Tina’s dissertation was an ethnography of a leading for-profit home health care company in the US, including interviews with company directors, managers and staff, supplemented with analysis of reports from the Securities and Exchange Commission (SEC) and statistical analysis of survey data from the Centers for Disease Control and Prevention (CDC). Home health care for the elderly or disabled, a growing part of healthcare services, accounts for the fastest growing low-wage jobs in the US and disproportionately employs women, immigrants, and people of color. One paper from this project examines how employers encourage workers’ commitment despite low wages, high turnover, and labor shortages by focusing on managerial relationships, an aspect of company culture. Another paper from this project shows how technology and electronic health records (EHR) devices moderate relationships between managers and staff, with implications for our understanding of technological transformation of work. A third paper shows how workers’ feelings of being respected and appreciated by their supervisor predict lower intent to quit.
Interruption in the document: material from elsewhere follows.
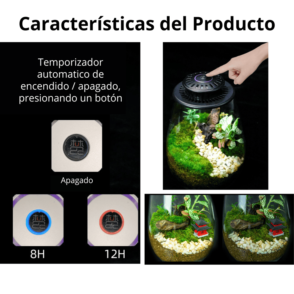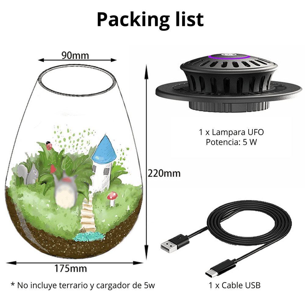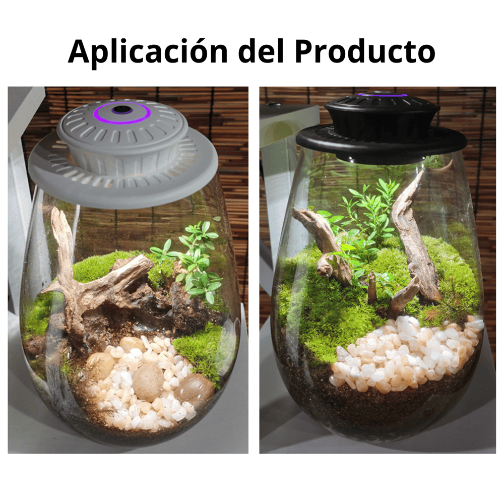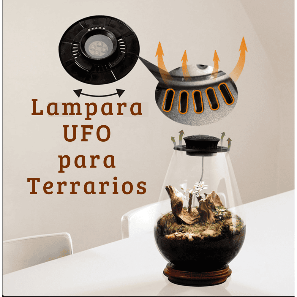 La lampara UFO, esta diseñada para la iluminación de pequeños terrarios o vivarium. Su estilo minimalista y moderno, brinda sofisticación y resalta el pasaje creado dentro de estos pequeños mundos.
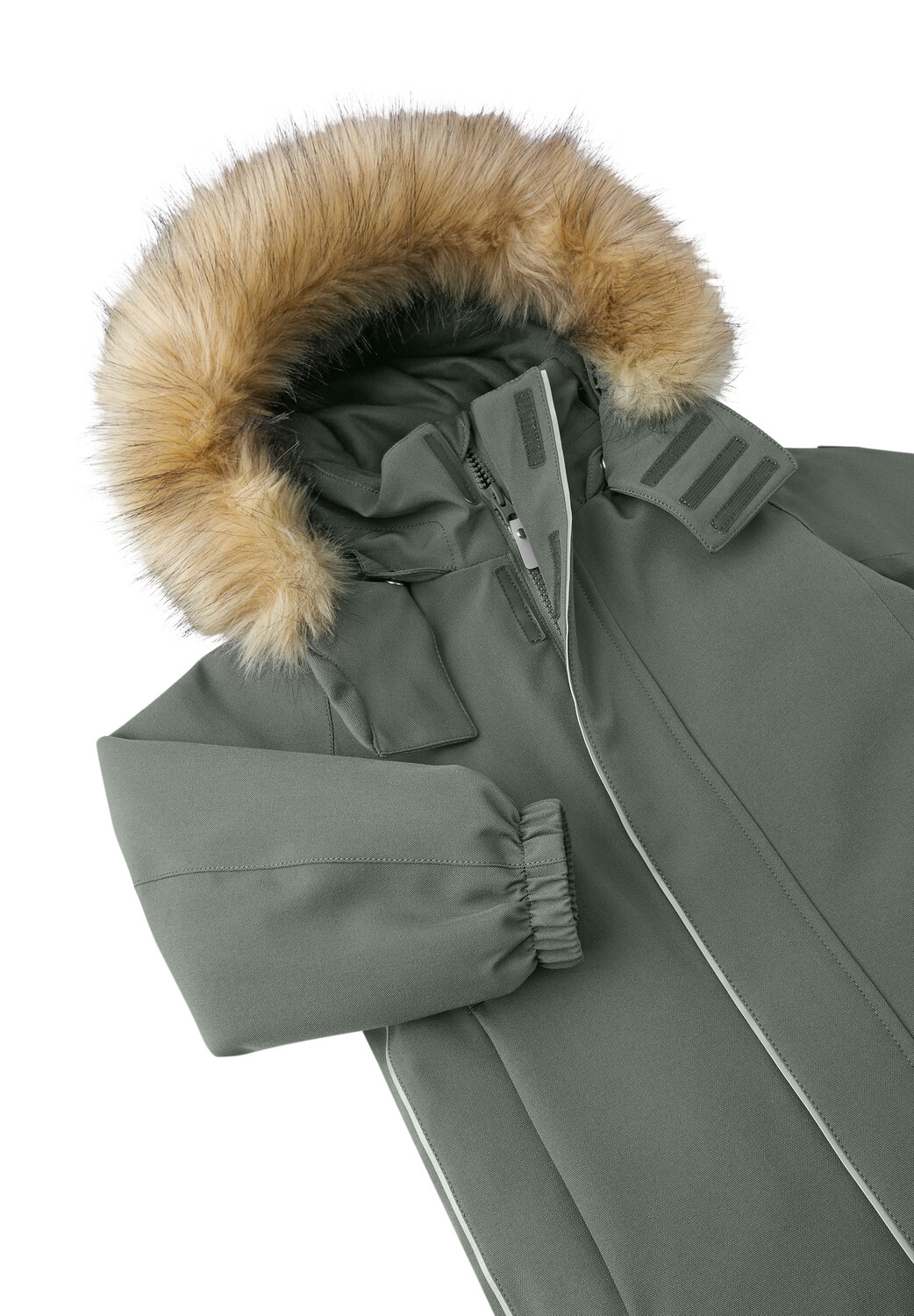 Этот прочный зимний комбинезон Reimatec надежно водонепроницаем благодаря герметичным швам. Ветрозащитный и дышащий материал сохраняет тепло и сухость детей, не заставляя их потеть. Приятная гладкая подкладка из полиэстера и прочные усиления по краям. Для индивидуальной посадки зимний комбинезон прямого кроя можно регулировать по талии, а также по манжетам на руках и ногах. Съемный и регулируемый капюшон не только защищает от холодного ветра, но и обеспечивает дополнительную безопасность во время игры: благодаря кнопкам он быстро и надежно снимается, если где-то случайно зацепится. Он также имеет особенно мягкую съемную отделку из искусственного меха. Материал грязеотталкивающий, его можно сушить в стиральной машине. Светоотражающие детали дополняют крутой дизайн.

Tina has published peer-previewed research on work and identity among domestic workers in a gig economy, mobility and personal identity among professionals, and occupational meaning-making among administrative law judges in public benefits hearings. Her future research project, shortlisted for a grant from the Robert Wood Johnson Foundation, will examine how federal and state-level policies affect the process of new technology development in healthcare services.
Tina received her PhD in Sociology from the University of Pennsylvania in 2018. She is currently a Provost’s Postdoctoral Fellow in the Management and Organizations Department at NYU’s Stern School of Business.